The Birds of Prey and Barbie actress has been attached to a more female-focused film in the fantasy-adventure franchise since 2020, but Robbie now says the pic is not moving forward at Disney.

"We had an idea and we were developing it for a while, ages ago, to have more of a female-led — not totally female-led, but just a different kind of story — which we thought would've been really cool, but I guess they don't want to do it," Robbie tells Vanity Fair in a new cover story.

A spokesperson for Disney did not immediately respond to EW's request for comment.

Screenwriter Christina Hodson, who worked on Birds of Prey, was set to write the new Pirates movie, EW had earlier confirmed. The idea wasn't to do a formal spin-off but rather a separate origin story with new characters. This would've been completely different than the long-in-development reboot of the franchise that was first reported back in 2019.

Margot Robbie; PIRATES OF THE CARIBBEAN: DEAD MEN TELL NO TALES (2017) Jack Sparrow (Johnny Depp)
Margot Robbie; PIRATES OF THE CARIBBEAN: DEAD MEN TELL NO TALES (2017) Jack Sparrow (Johnny Depp)

Kate Green/Getty Images; Disney Margot Robbie's 'Pirates of the Caribbean' movie is not moving forward, she says.

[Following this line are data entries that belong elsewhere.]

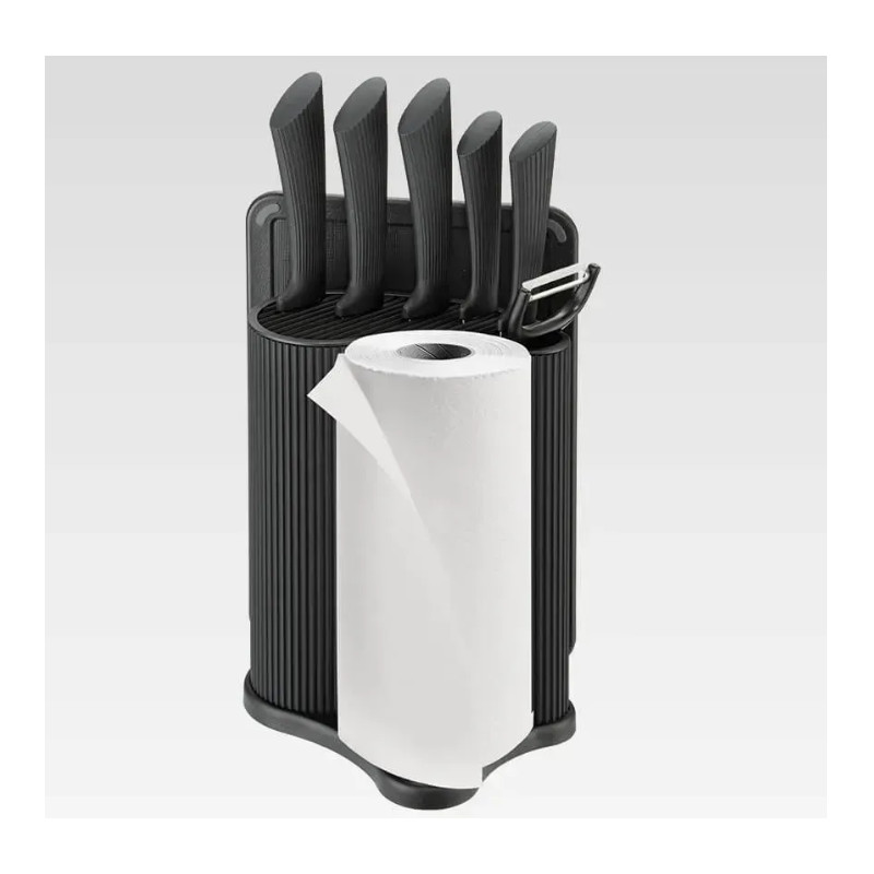 Набір ножів 8 предметів у підставці з тримачем для паперових рушників + дошка Maestro MR-1413-BLACK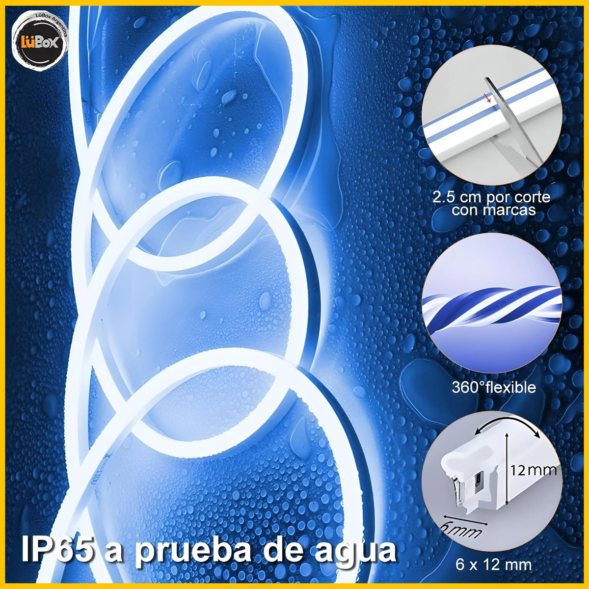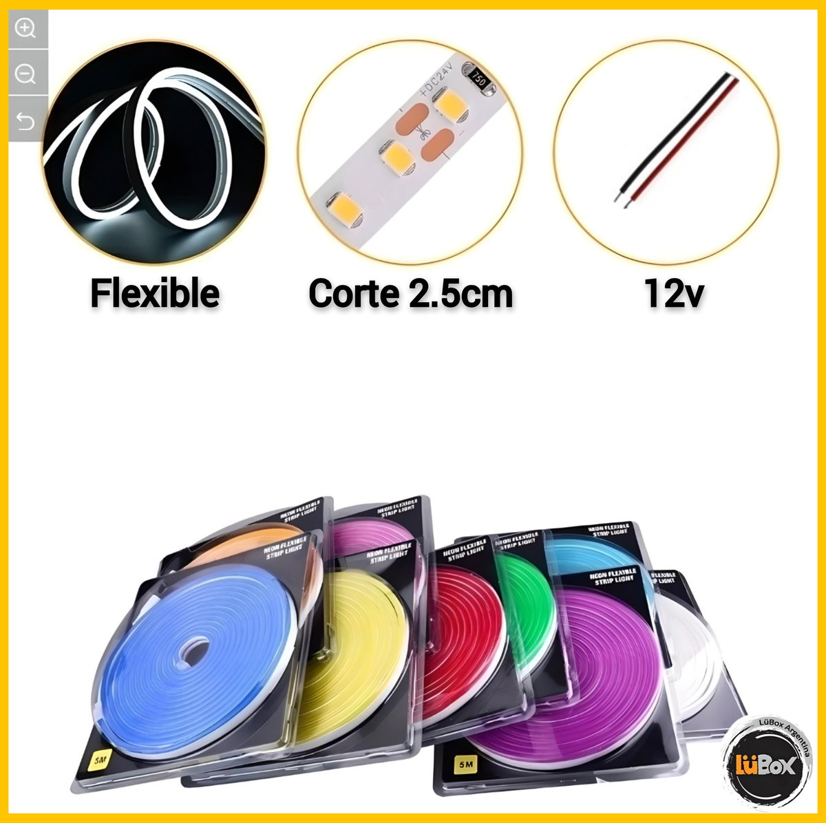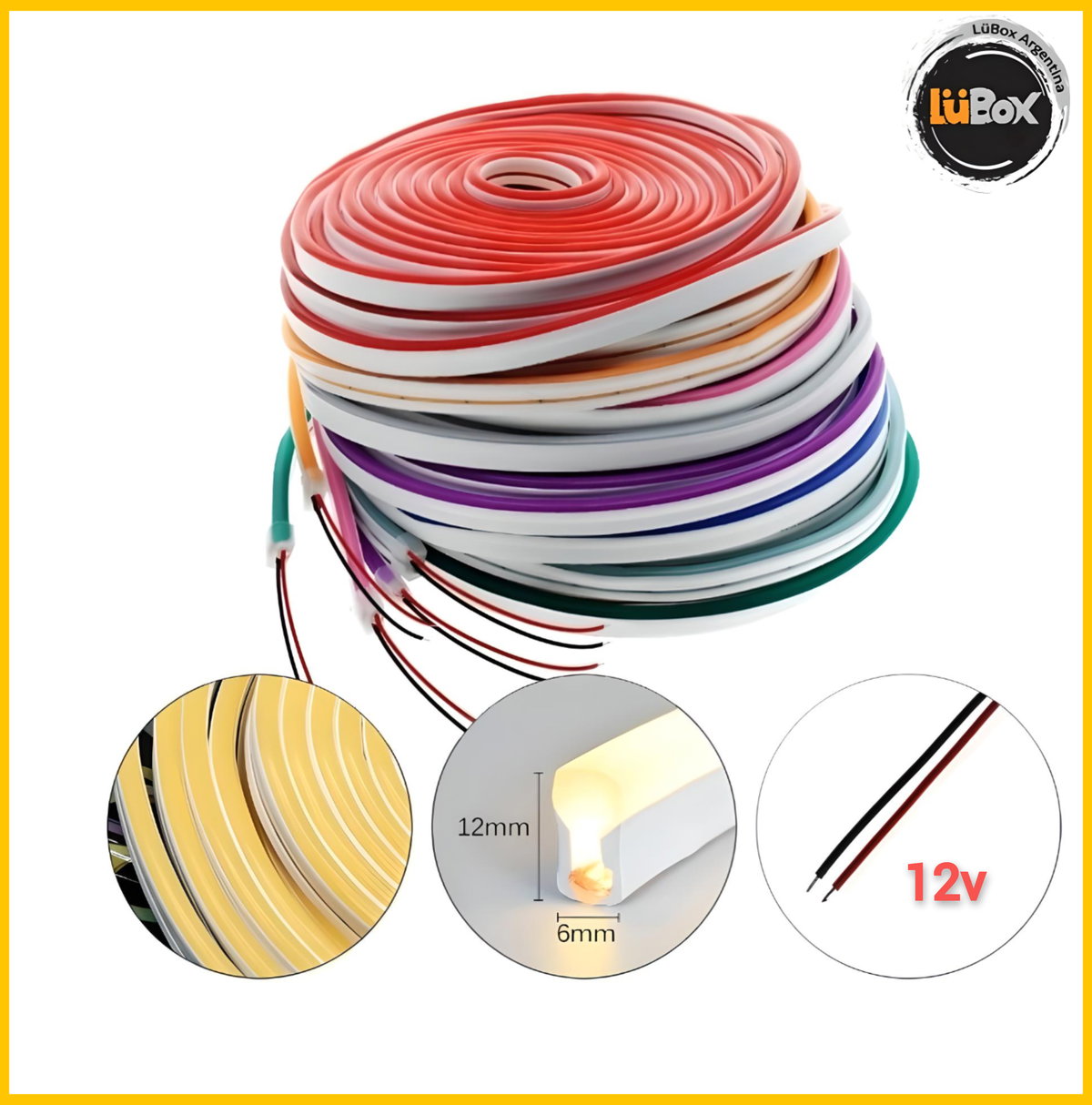 Kit Neon led Flex 6*12mm 12v Monocolor c/Fuente enchufable y conector por 5 Metros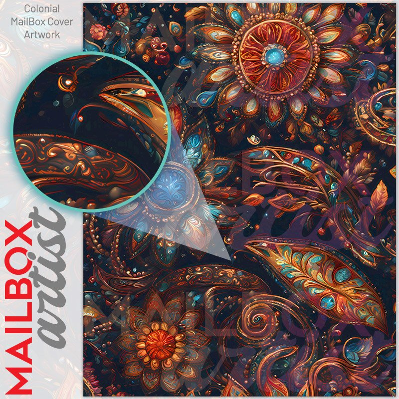 With this Indian Folk Flowers and Leaves colonial mailbox cover it’s pretty easy to convert your mailbox to a special and unique item. These covers require a flat surface, so they work with colonial mailboxes that do not have any embossed decoration or signs. Magnetic mailbox covers work with steel colonial boxes only, while self-adhesive vinyl covers are available for aluminum, plastic and steel boxes. We also offer both self-adhesive and magnetic covers with regular opaque white vinyl or reflective vinyl, which works similarly to license plates or road signs. The reflective option makes the entire cover’s surface reflective, ensuring visibility at night. In case your mailbox doesn’t work with these covers, you can purchase the preinstalled cover on a brand new mailbox as well. Also, you can create your custom colonial mailbox cover using you own pictures, adding your name, street number, etc.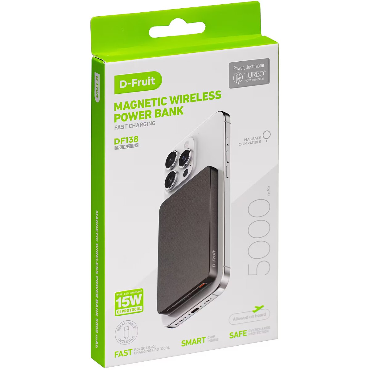 description_en - A power bank is an extremely convenient tool in the smart age. It allows you to charge not only your smartphone, but also Bluetooth headphones, tablets and other devices when you are away from a wall outlet. This way, you don't have to worry about whether the battery will last until the end of the day. With a power bank, you can leave your smart device charging at the bottom of your bag and happily carry on with your daily activities. The D-Fruit DF138 Wireless power bank is the ideal choice for those who value speed and convenience when charging smart devices. Thanks to MagSafe technology, you can also charge your smartphone wirelessly - with integrated magnets, the power bank attaches securely to the phone and starts charging it immediately. In addition, it also has a USB-C output, which also functions as an input port for charging the power bank. 5000 mAh capacity Maximum output power: 15 W Supports Power Delivery and Quick Charge 3.0 fast charging USB-C port can be used to charge both devices and the power bank itself Suitable for hand luggage and air travel Charging cable included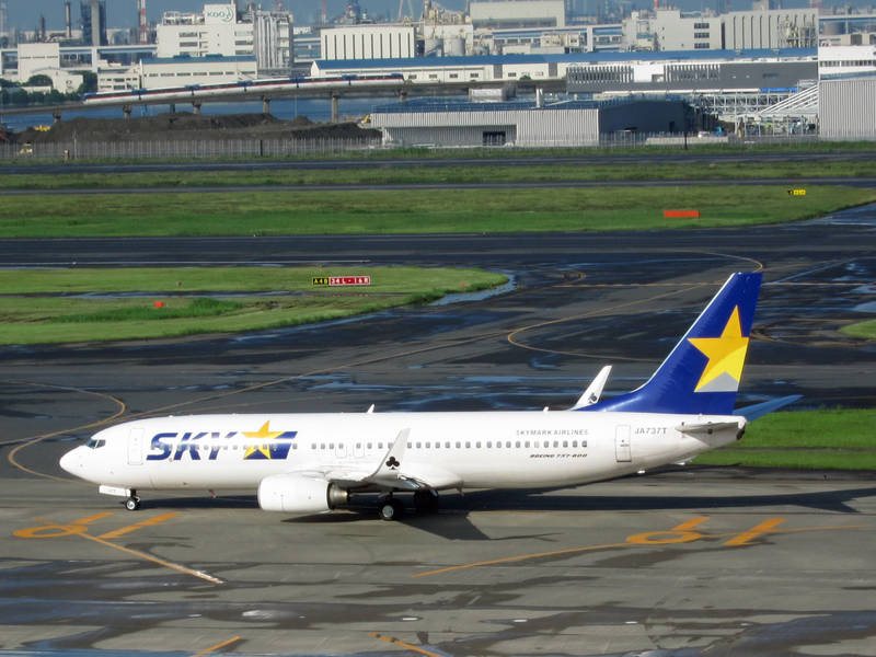 スカイマークエアラインズの機材でウィングレットにはクローバーのマークが描かれています。。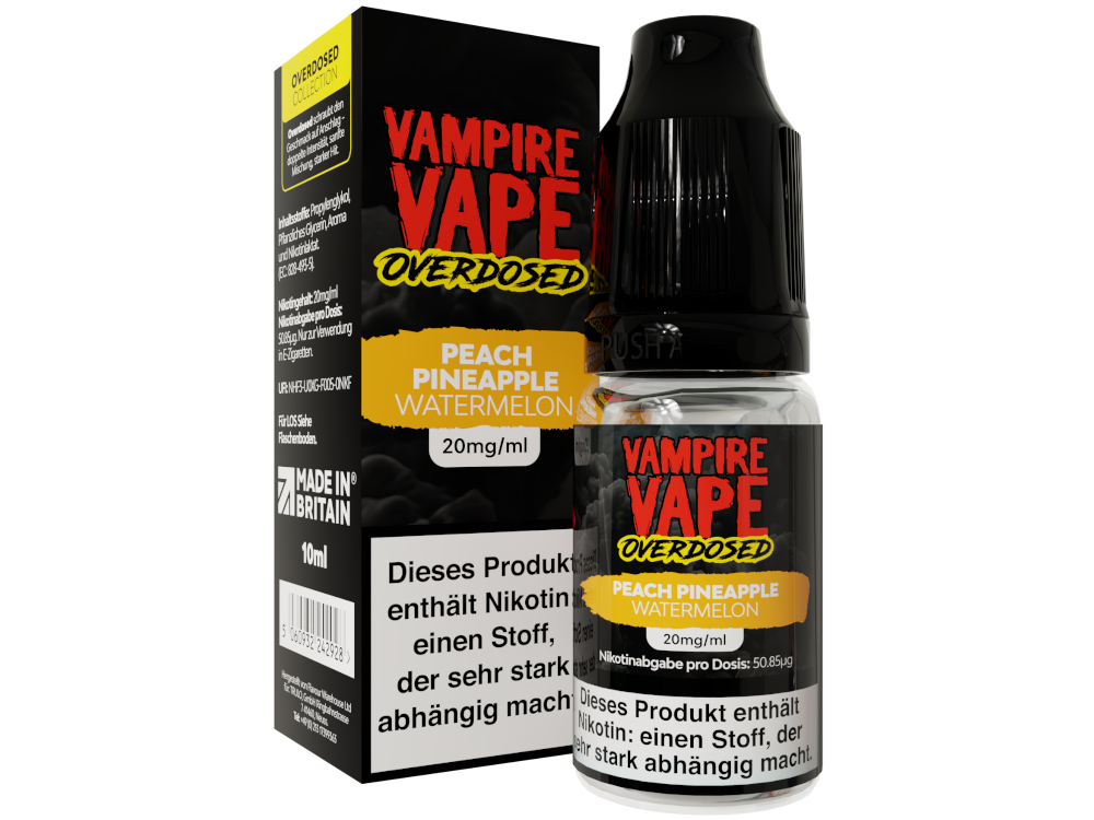 Vampire Vape Overdosed Peach Pineapple Watermelon ist ein E-Liquid in der 10-ml-Flasche mit dem Geschmack von Pfirsich, Ananas, Wassermelone, Eis und einem Nikotingehalt von 10mg, 20mg.

Orlando Bloom's Will Turner, Keira Knightley's Elizabeth Swann, and Johnny Depp's (Captain!) Jack Sparrow were the central focus of the first three movies — 2003's Pirates of the Caribbean, 2006's Pirates of the Caribbean: Dead Man's Chest, and 2007's Pirates of the Caribbean: At World's End.

Depp returned with Geoffrey Rush's Hector Barbossa for 2011's Pirates of the Caribbean: On Stranger Tides, which added Penélope Cruz's Angelica and Ian McShane's Edward Teach. In 2017, Pirates of the Caribbean: Dead Men Tell No Tales reunited Bloom and Knightley while introducing even more new characters.

The future of the franchise is unclear at this point. During the defamation trial between Depp and ex-wife Amber Heard, Depp testified that Disney cut ties with him after Heard published her 2018 Washington Post op-ed in which she described herself as a victim of domestic abuse, though she didn't mention Depp by name.

Depp denies Heard's allegations of abuse. A jury sided with the actor in the defamation trial, determining that Heard intentionally and maliciously defamed him with the op-ed. Heard won a counterclaim that stated Depp defamed her through his lawyer by calling her abuse accusations a "hoax" in the press, insinuating that her friends had set up Depp.